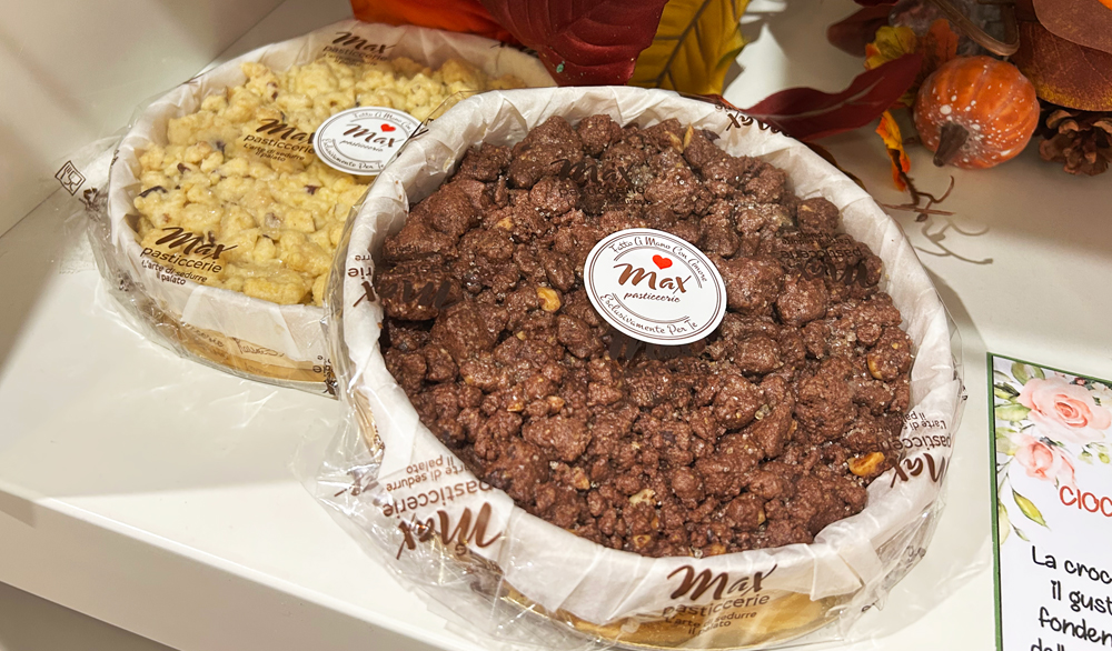 トレヴィーゾの中心地にある「パスティッチェリーア・マックス」では定番のクラッシカに加え、新たに濃厚なチョコ味の「ズブリソローナ・アル・チョコレート」を展開。ダークチョコレート、ピエモンテ産ヘーゼルナッツ、プーリア産アーモンドを使用しているそれは、シェフのマッシモ・アルバネーゼさん自ら「感動のおいしさ!」と語る逸品だ。「スブリッチョラーレ=砕く、ボロボロにする」という語源のとおり、手で崩しながら食べるトルタであるがゆえ移動中に少々壊れても心配ご無用。
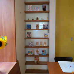 View of shelves and dining table
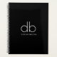 Ein einfaches, modernes, schwarzes Modell mit weißem Initial- und Namensmonogramm auf schwarz, mit eleganter klassischer Sans Serifentypografie.
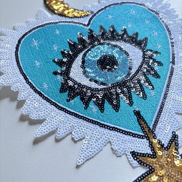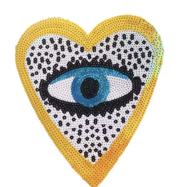 Corazón con lentejuelas, me pega con el calor de la plancha.
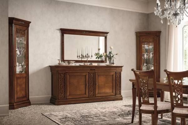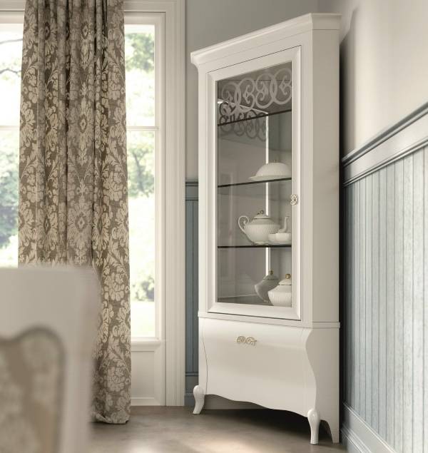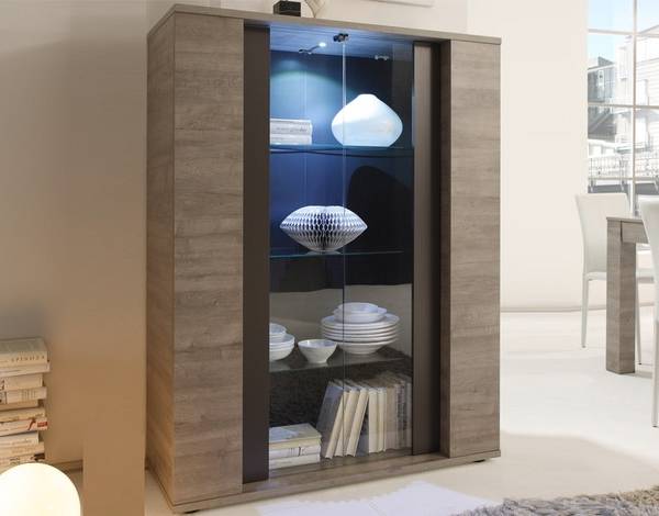 Шкаф витрина, которая предназначается для отображения объектов только через одну сторону, то есть через прозрачные дверцы, обычно ставится у стены и используется для хранения посуды. Сегодня её часто называют сервант витрина для гостиной.
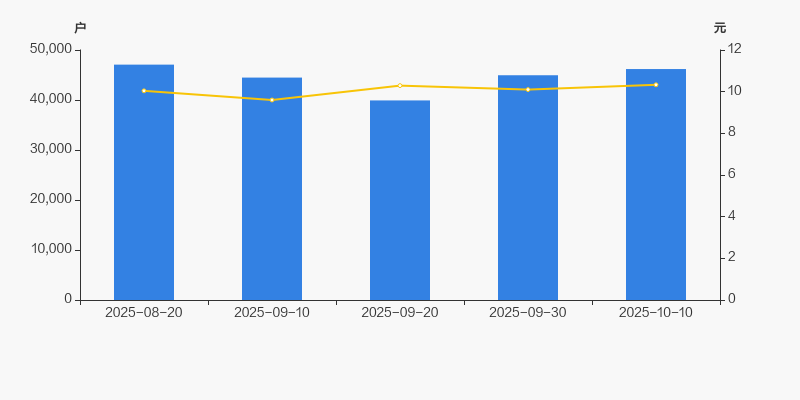 2025年8月20日至今,公司股东户数有所下降,区间跌幅为1.88%。2025年8月20日至2025年10月10日区间股价上涨2.89%。
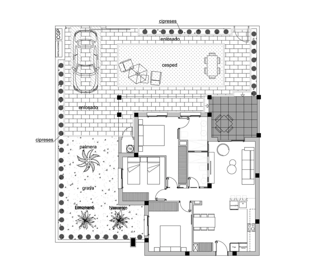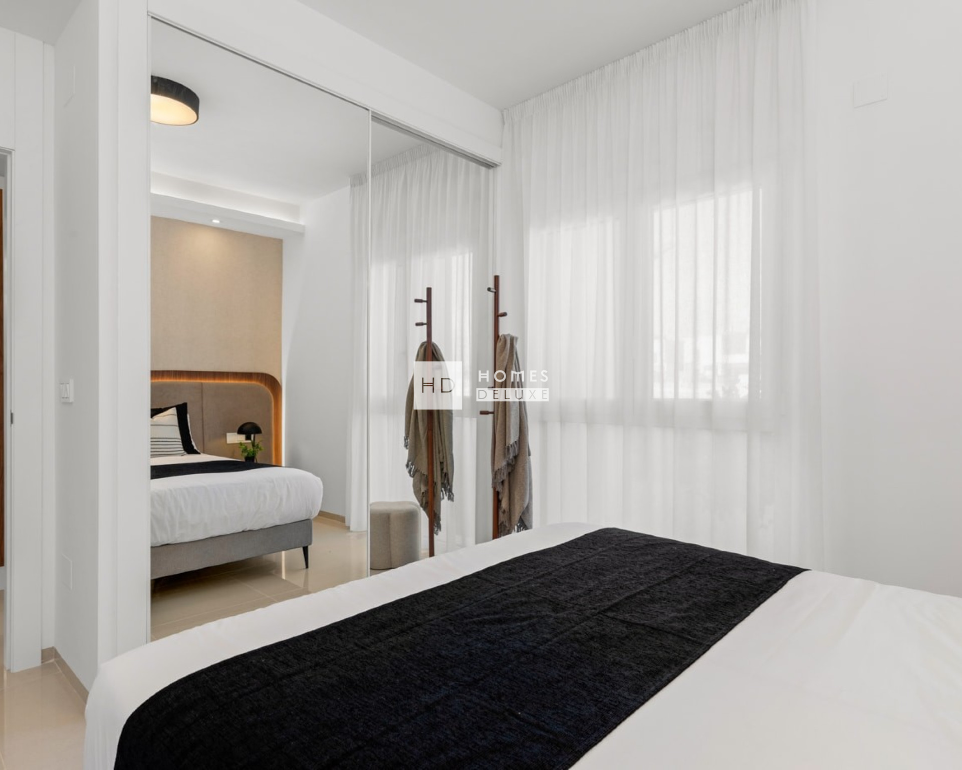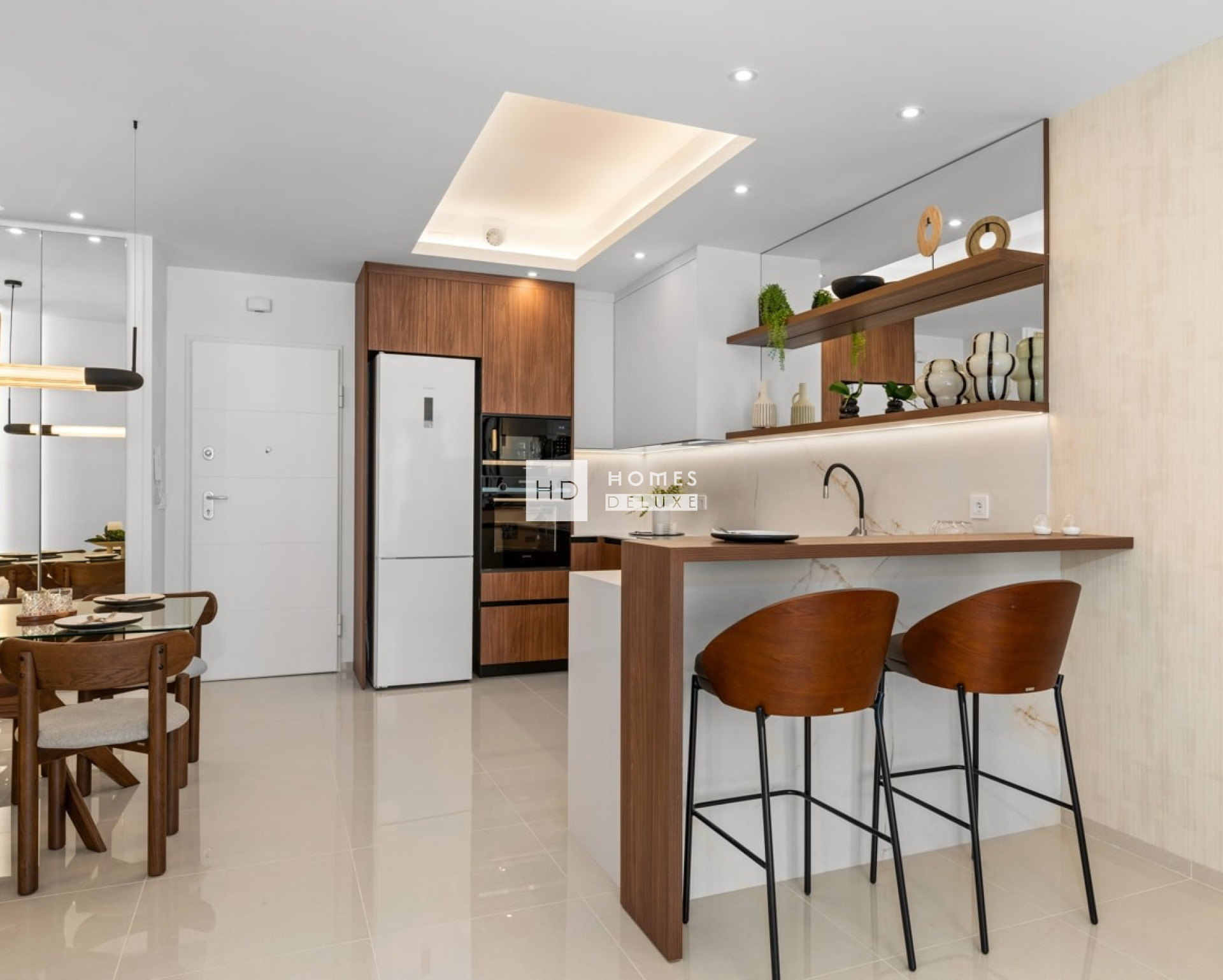 Die Innenausstattung umfasst einen hellen und geräumigen offenen Wohn- und Essbereich mit großen Fenstern, die auf die Terrasse hinausgehen. Im Hauptwohnbereich befindet sich eine Küche im amerikanischen Stil mit niedrigen und hohen Schränken sowie einer Frühstückstheke. Das große Hauptschlafzimmer verfügt über ein eigenes Bad und reichlich Stauraum für Kleidung. Es gibt zwei weitere geräumige Doppelschlafzimmer und ein separates Gästebad. Die Immobilien verfügen über eine Vorinstallation für eine Klimaanlage, Einbauschränke in allen Schlafzimmern, elektrische Jalousien, eine Gegensprechanlage und einen privaten Parkplatz.
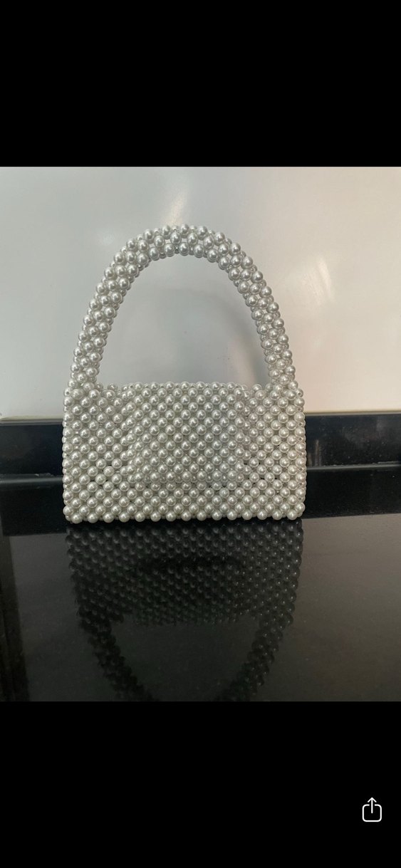 El emeği Plastik malzemeden beyaz boncuklu kadın el çantası. Minimalist tasarımıyla sokak modası ve günlük kullanım için uygundur. Hemen teslim hiç kullanılmamıştır. Ölçüleri görselde mevcuttur
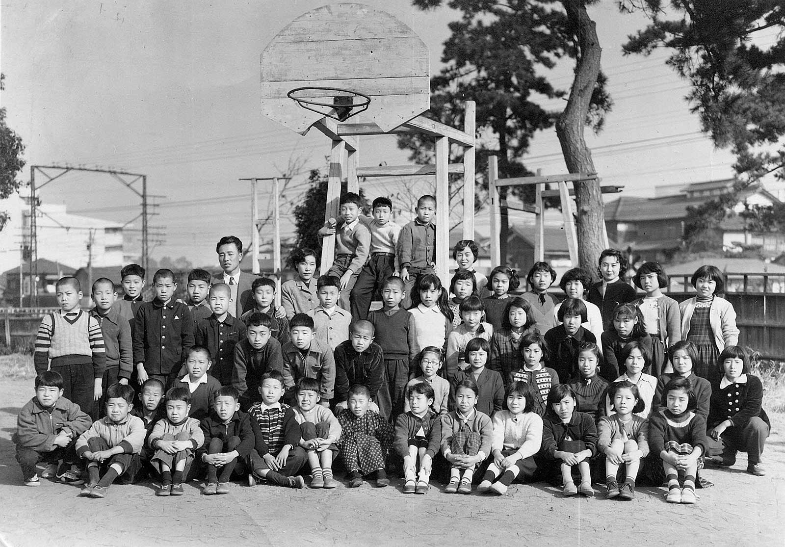 1955年、ほぼ同じ位置で撮った6年4組

Activity
Only one stretch of the material above is wanted: the line containing "View of shelves and dining table" through the line containing "Corazón con lentejuelas, me". Restate it word for word, minus the pictures.

Response to the task
 View of shelves and dining table
 Ein einfaches, modernes, schwarzes Modell mit weißem Initial- und Namensmonogramm auf schwarz, mit eleganter klassischer Sans Serifentypografie.
 Corazón con lentejuelas, me pega con el calor de la plancha.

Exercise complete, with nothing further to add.